Who needs education when facts are optional?

 

At first glance, you would think there is little connection between Republican presidential nominee Donald Trump and a proposed Texas textbook, Mexican American Heritage, which misrepresents and demeans the important contributions of the Hispanic culture to the state and the country that we know today.

But in an era in which a growing number of people are motivated more by fear and ideology than they are by truth, the separate furors created by Trump and the textbook share some common ground.

First, there are the wall that Trump vows to build along the Mexican border and his proposed roundup of undocumented immigrants. They would be expensive, divisive attempts to deny the inevitable fact that within the next generation or so Hispanics will constitute a majority of the Texas population and, sooner or later, control the centers of Texas political power. The proposed textbook, meanwhile, tries to rewrite the history of the Hispanic culture already represented by more than half of Texas’ 5.2 million public school students.

Trump’s campaign has been built on bluster, misrepresentations of the truth, outright lies, bigotry and an appeal to fear.

Trump is outrageous, not ideological. But Cynthia Dunbar, the publisher of the offensive textbook, is very ideological. In an interview with the Texas Tribune before the State Board of Education hearing on the book, she said she had “no hidden agenda” in publishing the text and offering it for use in high school Mexican American studies classes.

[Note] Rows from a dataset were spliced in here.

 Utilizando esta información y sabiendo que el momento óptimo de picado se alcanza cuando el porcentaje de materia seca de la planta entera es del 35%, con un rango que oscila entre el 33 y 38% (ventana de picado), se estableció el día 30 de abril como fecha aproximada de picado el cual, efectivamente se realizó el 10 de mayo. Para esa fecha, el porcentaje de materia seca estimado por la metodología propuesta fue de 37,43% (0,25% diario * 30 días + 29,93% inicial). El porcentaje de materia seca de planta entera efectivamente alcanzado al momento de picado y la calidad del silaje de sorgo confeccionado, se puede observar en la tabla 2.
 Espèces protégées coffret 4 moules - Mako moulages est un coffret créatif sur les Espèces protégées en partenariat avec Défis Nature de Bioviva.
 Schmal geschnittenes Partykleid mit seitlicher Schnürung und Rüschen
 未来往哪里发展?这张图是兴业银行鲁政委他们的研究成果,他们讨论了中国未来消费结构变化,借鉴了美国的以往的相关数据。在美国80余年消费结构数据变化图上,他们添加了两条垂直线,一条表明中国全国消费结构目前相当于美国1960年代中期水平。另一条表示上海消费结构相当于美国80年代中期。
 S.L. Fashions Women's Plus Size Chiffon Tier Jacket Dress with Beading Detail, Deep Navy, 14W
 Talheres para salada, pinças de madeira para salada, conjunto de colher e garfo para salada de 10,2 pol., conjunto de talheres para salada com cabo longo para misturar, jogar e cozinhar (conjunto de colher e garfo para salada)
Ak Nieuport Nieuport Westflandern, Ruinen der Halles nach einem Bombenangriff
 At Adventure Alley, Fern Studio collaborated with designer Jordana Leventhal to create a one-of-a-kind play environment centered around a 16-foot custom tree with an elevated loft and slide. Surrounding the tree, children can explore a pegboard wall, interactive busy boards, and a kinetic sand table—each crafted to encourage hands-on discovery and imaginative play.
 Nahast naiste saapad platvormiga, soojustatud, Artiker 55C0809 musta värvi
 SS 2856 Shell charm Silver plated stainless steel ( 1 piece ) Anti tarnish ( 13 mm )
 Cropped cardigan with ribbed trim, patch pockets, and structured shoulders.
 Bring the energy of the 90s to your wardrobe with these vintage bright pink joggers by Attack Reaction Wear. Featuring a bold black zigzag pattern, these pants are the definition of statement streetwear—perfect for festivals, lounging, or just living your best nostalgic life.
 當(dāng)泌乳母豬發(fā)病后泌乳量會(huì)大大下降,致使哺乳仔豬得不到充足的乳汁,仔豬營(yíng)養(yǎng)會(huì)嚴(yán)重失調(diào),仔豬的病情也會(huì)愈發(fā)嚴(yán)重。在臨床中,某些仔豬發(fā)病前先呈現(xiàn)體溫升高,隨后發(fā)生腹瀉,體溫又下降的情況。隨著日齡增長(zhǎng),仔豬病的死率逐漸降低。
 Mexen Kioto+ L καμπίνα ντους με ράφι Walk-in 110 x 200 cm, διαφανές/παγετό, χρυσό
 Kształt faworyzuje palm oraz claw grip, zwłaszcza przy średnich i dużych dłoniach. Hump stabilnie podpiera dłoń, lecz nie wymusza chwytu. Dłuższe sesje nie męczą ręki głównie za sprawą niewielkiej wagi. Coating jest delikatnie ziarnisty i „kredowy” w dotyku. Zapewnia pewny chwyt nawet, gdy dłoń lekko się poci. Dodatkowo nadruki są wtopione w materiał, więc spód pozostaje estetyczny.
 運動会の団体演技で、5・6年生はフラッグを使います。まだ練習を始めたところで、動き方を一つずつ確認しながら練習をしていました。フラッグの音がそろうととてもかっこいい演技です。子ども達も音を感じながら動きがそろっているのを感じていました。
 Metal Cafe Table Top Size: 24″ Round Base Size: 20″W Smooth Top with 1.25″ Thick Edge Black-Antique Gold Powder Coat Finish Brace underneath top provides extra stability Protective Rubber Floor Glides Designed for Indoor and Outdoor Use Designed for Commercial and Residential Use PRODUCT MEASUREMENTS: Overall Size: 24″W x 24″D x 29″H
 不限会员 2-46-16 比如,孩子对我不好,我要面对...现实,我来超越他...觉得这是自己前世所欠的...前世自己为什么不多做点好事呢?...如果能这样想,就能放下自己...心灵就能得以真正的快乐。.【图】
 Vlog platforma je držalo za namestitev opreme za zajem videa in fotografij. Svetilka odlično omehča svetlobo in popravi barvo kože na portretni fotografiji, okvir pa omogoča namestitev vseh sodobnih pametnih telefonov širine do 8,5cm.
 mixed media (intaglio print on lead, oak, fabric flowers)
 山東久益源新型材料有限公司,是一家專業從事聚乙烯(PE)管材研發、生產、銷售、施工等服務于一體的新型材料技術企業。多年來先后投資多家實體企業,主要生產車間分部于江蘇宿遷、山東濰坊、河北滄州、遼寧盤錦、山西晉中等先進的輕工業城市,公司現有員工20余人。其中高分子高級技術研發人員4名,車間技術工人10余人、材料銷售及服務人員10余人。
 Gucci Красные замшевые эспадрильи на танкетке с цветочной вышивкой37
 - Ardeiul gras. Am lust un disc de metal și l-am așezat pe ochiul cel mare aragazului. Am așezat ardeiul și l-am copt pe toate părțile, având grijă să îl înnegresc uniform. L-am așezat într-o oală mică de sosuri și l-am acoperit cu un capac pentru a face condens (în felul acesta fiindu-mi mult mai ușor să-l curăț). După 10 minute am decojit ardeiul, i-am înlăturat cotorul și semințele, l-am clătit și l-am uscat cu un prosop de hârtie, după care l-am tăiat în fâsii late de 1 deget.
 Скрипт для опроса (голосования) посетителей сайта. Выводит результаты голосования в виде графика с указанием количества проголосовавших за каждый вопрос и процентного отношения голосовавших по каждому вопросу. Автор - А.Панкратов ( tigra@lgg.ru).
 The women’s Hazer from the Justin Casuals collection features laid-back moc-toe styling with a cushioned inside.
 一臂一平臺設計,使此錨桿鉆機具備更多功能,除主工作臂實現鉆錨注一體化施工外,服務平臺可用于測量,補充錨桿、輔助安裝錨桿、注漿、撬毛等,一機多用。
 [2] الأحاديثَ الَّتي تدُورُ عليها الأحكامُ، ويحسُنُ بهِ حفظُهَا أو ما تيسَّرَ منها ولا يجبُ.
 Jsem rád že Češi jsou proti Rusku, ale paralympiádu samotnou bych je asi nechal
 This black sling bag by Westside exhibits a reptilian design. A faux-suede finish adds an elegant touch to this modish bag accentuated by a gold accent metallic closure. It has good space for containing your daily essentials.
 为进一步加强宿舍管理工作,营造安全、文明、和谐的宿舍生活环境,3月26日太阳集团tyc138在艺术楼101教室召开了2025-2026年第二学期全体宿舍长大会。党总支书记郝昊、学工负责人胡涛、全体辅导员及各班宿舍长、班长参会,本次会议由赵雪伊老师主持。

The book, however, is riddled with inaccuracies and racial stereotypes, according to many scholars who have reviewed it. And as a member of the State Board of Education several years ago, Dunbar certainly had an agenda to impose her own right-wing ideology on Texas’ public schools, including an effort to remove the separation of church and state principle under which the United States was founded from the Texas curriculum. She also has called public education a “tool of perversion.”

Trump and Dunbar, in their own separate ways, are part of what Miami Herald columnist Leonard Pitts Jr. calls a “post-factual nation,” an America, under attack from cable TV, social media and other ideological platforms, “where untruth is gospel, reality is multiple choice and ‘facts’ are whatever you have testes enough to say and somebody is dumb enough to believe.”

The school children of Texas deserve better, and so do their parents.